Le puits etait assez large, ayant douze pieds de diametre a son
orifice. Une poutre fut placee en travers, comme un pont, de maniere
que la corde, en glissant a sa surface, put se maintenir dans l'axe du
puits. Precaution indispensable a prendre pour qu'Harry ne fut pas
heurte, pendant la descente, aux parois laterales.
Harry etait pret.
<< Tu persistes dans ton projet d'explorer cet abime ? lui demanda Jack
Ryan a voix basse.
-- Oui, Jack >>, repondit Harry.
La corde fut d'abord attachee autour des reins d'Harry, puis sous ses
aisselles, afin que son corps ne put basculer.
Ainsi maintenu, Harry etait libre de ses deux mains. A sa ceinture, il
suspendit une lampe de surete, a son cote, un de ces larges couteaux
ecossais qui sont engaines dans un fourreau de cuir.
Harry s'avanca jusqu'au milieu de la poutre, autour de laquelle la
corde fut passee.
Puis, ses compagnons le laissant glisser, il s'enfonca lentement dans
le puits. Comme la corde subissait un leger mouvement de rotation, la
lueur de sa lampe se portait successivement sur chaque point des
parois, et Harry put les examiner avec soin.
Ces parois etaient faites de schiste houiller. Elles etaient assez
lisses pour qu'il fut impossible de se hisser a leur surface.
Harry calcula qu'il descendait avec une vitesse moderee, environ un
pied par seconde. Il avait donc possibilite de bien voir, facilite de
se tenir pret a tout evenement.
Au bout de deux minutes, c'est-a-dire a une profondeur de cent vingt
pieds a peu pres, la descente s'etait operee sans incident. Il
n'existait aucune galerie laterale dans la paroi du puits, lequel
s'etranglait peu a peu, en forme d'entonnoir. Mais Harry commencait a
sentir un air plus frais, qui venait d'en bas, -- d'ou il conclut que
l'extremite inferieure du puits communiquait avec quelque boyau de
l'etage inferieur de la crypte.
La corde glissait toujours. L'obscurite etait absolue. Le silence,
absolu aussi. Si un etre vivant, quel qu'il fut, avait cherche refuge
dans ce mysterieux et profond abime, ou il n'y etait pas alors, ou
aucun mouvement ne trahissait sa presence.
Harry, plus defiant a mesure qu'il descendait, avait tire le couteau de
sa gaine, et il le tenait de sa main droite.
A une profondeur de cent quatre-vingts pieds, Harry sentit qu'il avait
atteint le sol inferieur, car la corde mollit et ne se deroula plus.
Harry respira un instant. Une des craintes qu'il avait pu concevoir ne
s'etait pas realisee, c'est-a-dire que, pendant sa descente, la corde
ne fut coupee au-dessus de lui. Il n'avait, d'ailleurs, remarque aucune
anfractuosite dans les parois qui put receler un etre quelconque.
L'extremite inferieure du puits etait fort retrecie.
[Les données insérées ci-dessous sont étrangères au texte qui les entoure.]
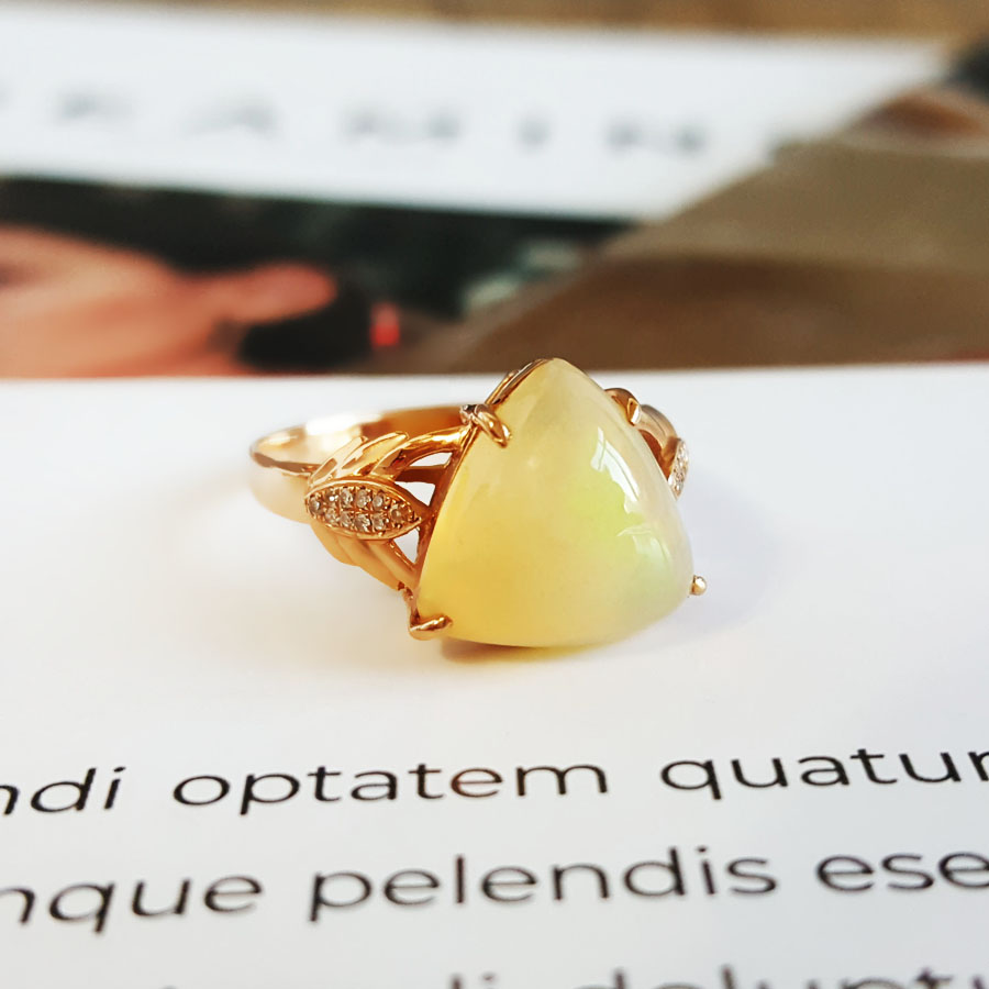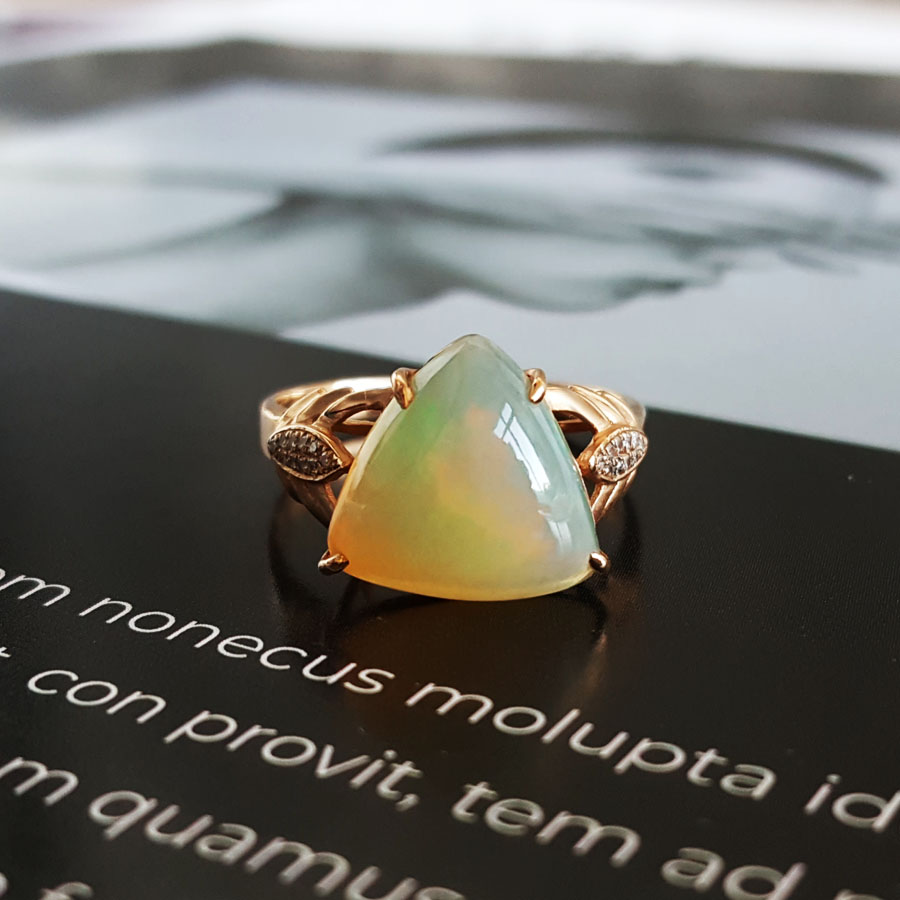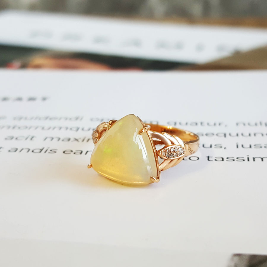 名称 | AU750玫瑰金镶钻镶天然三角造型欧泊戒指 |
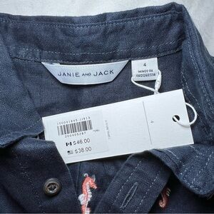 Janie and Jack shirt - New with Tags. $38.00. Navy Blue Button Down Shirt with Embroidered Sea Horses, 3/4 Sleeve, 100% Linen, Boys Size 4
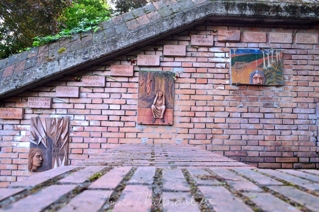 Nella parte meridionale del giardino all’italiana è presente il memoriale alle 128 vittime partigiane della provincia di Bologna realizzato nel 1975. – https://arte-4-you.com/2020/07/23/monumento-alle-donne-partigiane-bolognesi-2/
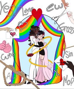 “Support for same-sex marriage increased significantly in the past decade, reaching a near-record high of about 68% in 2025. However, The Economist/YouGov’s 2025 annual poll surveyed 1,623 adult U.S. citizens between October 24 and October 27, 2025. When asked if they think same-sex marriage should be legal, 54% said yes, 33% said no, and 13% were unsure. These numbers mark a considerable drop from just a few years ago, when Gallup’s 2021 poll found that a record-high 70% of Americans supported same-sex marriage. My piece shows two women getting married, their rings floating around them, and a war of agreement and disagreement on either side.”
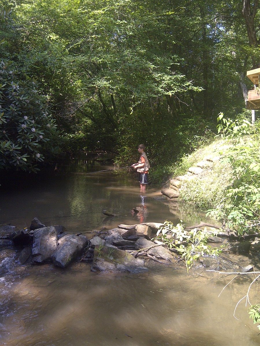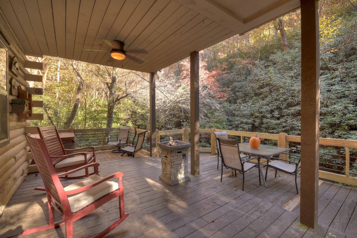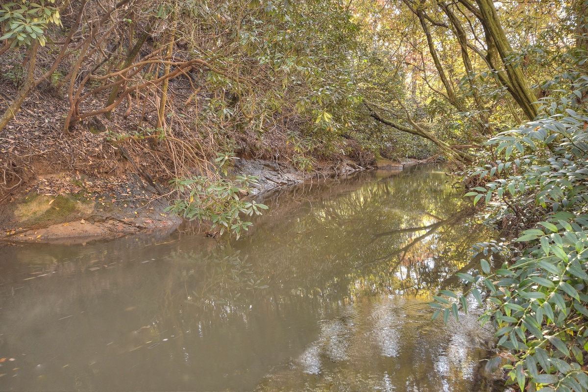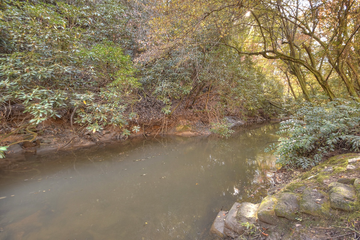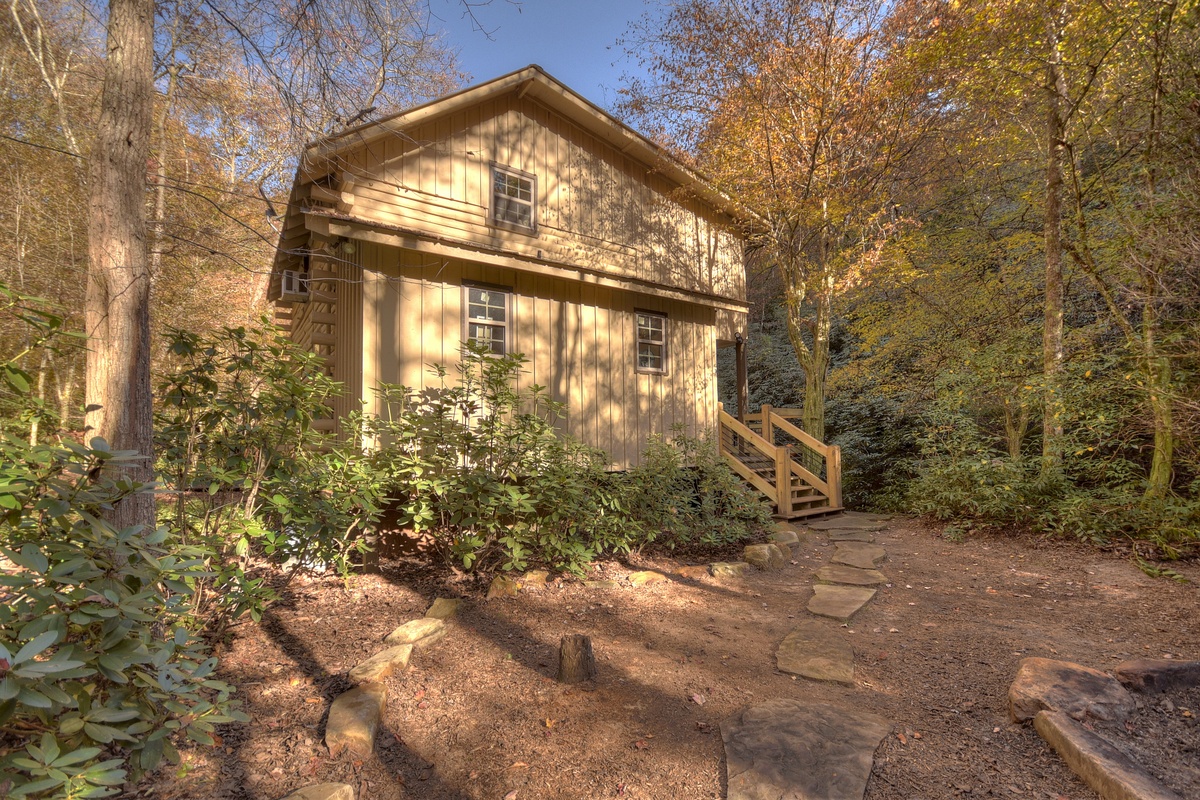 Located in Mineral Bluff and about 15 minutes from downtown Blue Ridge, this authentic cabin sits on the creekbank of Hothouse Creek, one of the many notorious trout streams in North Georgia. With a convenient dam break in the stream just out from the outdoor deck, the rustling water ambiance will sweep your worries away. The front porch/deck is newly updated and offers plenty of space to toss a line in the stream, or just to enjoy mother nature at her finest. Imagine sitting on the deck and listening to the sounds of the creek within view. Once you walk in the door, you will immediately be submersed into the North Georgia Mountains way of livin'. With an open entry-level, you will enjoy the company of those with you while cooking in the fully equipped kitchen or relaxing in the living room watching TV by the gas log fireplace. There is a bathroom with a walk-in shower on the entry-level. This is also where you will find the convenience of the washer and dryer tucked neatly into a closet in the bathroom.
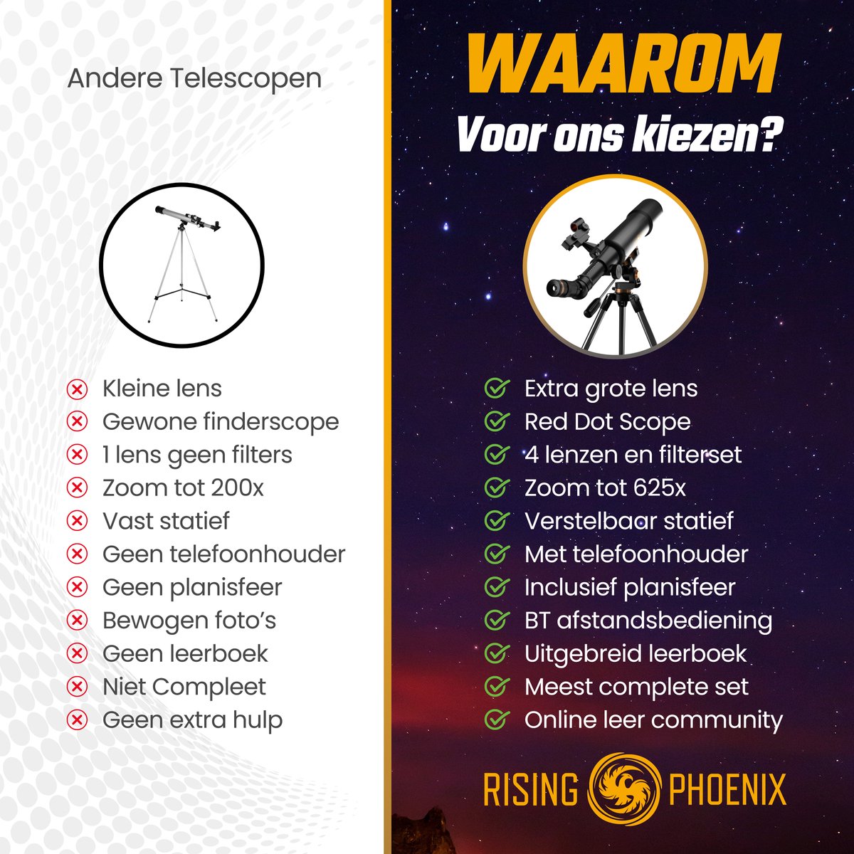Wacht niet langer! Bestel vandaag nog jouw Rising Phoenix sterrenkijker en ervaar de magie van de sterrenhemel zoals nooit tevoren. Ontdek planeten, sterrenbeelden en verborgen hemelverschijnselen – een avontuur dat je nooit meer zult vergeten!
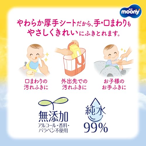 ▼ムーニー 手口ふき 純水99%:保湿も叶える“うるおい”タイプ
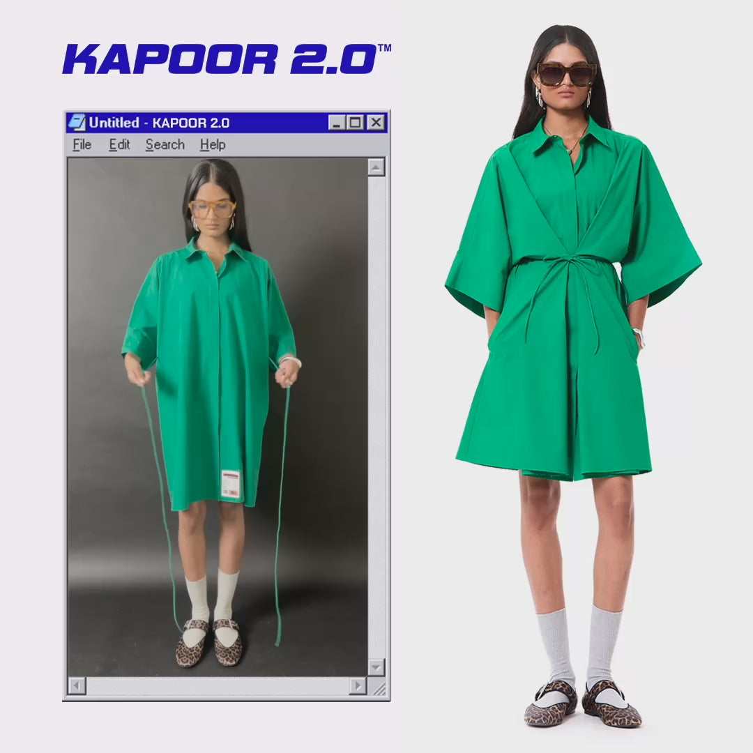 Relaxed fit dress in green cotton with tie-up cinch detail at waist.
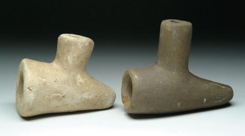 TWO LATE WOODLAND TO PROTO-HISTORIC TYPE MODIFIED ELBOW PIPES. Sandstone. Circa 1200-1600AD style. SIZES: 4in. l x 3-1/2in. and 4in. l x 3in.. CONDITION: Very good. 9-25984-19 The Tennessee Collection of Prehistoric Indian Artifacts from the Allen Graves Estate. SPECIAL NOTE: We do not regularly sell Prehistoric Indian stone artifacts and therefore have very little experience and no expertise in this area. All of the following lots have come from the Collection of the Late Allen Graves of Tennessee. The collection was inherited some years back by his daughter, who now lives in Maine. This collection was consigned to us directly from her. We employed someone to generally identify styles and types, but as stated above, due to our lack of expertise in this field, we can not guarantee the age or origin of the following pieces. We are relying on you, the buyer, to determine to your satisfaction the origin and age of each item in the collection.
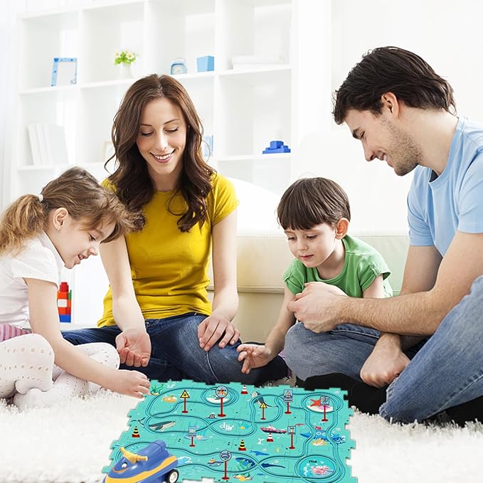 - 【Upgrade Configuration: Include 25pcs Parts】:This kid's puzzle set includes 12 puzzle pieces, 12 road signs, 1 toy car (1 AAA battery required, not included). Kids need to assemble the puzzle pieces in a certain to allow the plane to follow the track. Our jigsaw game features a colorful, vibrant map with tons of possibilities! Amazing games for kids indoor games & lovely toys for kids with track big size for group fun.

Harry, detachant la lampe de sa ceinture, la promena sur le sol. Il ne
s'etait pas trompe dans ses conjectures.
Un etroit boyau s'enfoncait lateralement dans l'etage inferieur du
gisement. Il eut fallu se courber pour y penetrer, et se trainer sur
les mains pour le suivre.
Harry voulut voir en quelle direction se ramifiait cette galerie, et si
elle aboutissait a quelque abime.
Il se coucha sur le sol et commenca a ramper. Mais un obstacle l'arreta
presque aussitot.
Il crut sentir au toucher que cet obstacle etait un corps qui obstruait
le passage.
Harry recula, d'abord, par un vif sentiment de repulsion, puis il
revint.
Ses sens ne l'avaient pas trompe. Ce qui l'avait arrete, c'etait, en
effet, un corps. Il le saisit, et se rendit compte que, glace aux
extremites, il n'etait pas encore refroidi tout a fait.
L'attirer a soi, le ramener au fond du puits, projeter sur lui la
lumiere de la lampe, ce fut fait en moins de temps qu'il ne faut a le
dire.
<< Un enfant ! >> s'ecria Harry.
L'enfant, retrouve au fond de cet abime, respirait encore, mais son
souffle etait si faible qu'Harry put croire qu'il allait cesser. Il
fallait donc, sans perdre un instant, ramener cette pauvre petite
creature a l'orifice du puits, et la conduire au cottage, ou Madge lui
prodiguerait ses soins.
Harry, oubliant toute autre preoccupation, rajusta la corde a sa
ceinture, y attacha sa lampe, prit l'enfant qu'il soutint de son bras
gauche contre sa poitrine, et, gardant son bras droit libre et arme, il
fit le signal convenu, afin que la corde fut halee doucement.
La corde se tendit, et la remontee commenca a s'operer regulierement.
Harry regardait autour de lui avec un redoublement d'attention. Il
n'etait plus seul expose, maintenant.
Tout alla bien pendant les premieres minutes de l'ascension, aucun
incident ne semblait devoir survenir, lorsque Harry crut entendre un
souffle puissant qui deplacait les couches d'air dans les profondeurs
du puits. Il regarda au-dessous de lui et apercut, dans la penombre,
une masse, qui, s'elevant peu a peu, le frola en passant.
C'etait un enorme oiseau, dont il ne put reconnaitre l'espece, et qui
montait a grands coups d'ailes.
Le monstrueux volatile s'arreta, plana un instant, puis fondit sur
Harry avec un acharnement feroce.
Harry n'avait que son bras droit dont il put faire usage pour parer les
coups du formidable bec de l'animal.
Harry se defendit donc, tout en protegeant l'enfant du mieux qu'il put.
Mais ce n'etait pas a l'enfant, c'etait a lui que l'oiseau s'attaquait.
Gene par la rotation de la corde, il ne parvenait pas a le frapper
mortellement.
La lutte se prolongeait. Harry cria de toute la force de ses poumons,
esperant que ses cris seraient entendus d'en haut.
C'est ce qui arriva, car la corde fut aussitot halee plus vite.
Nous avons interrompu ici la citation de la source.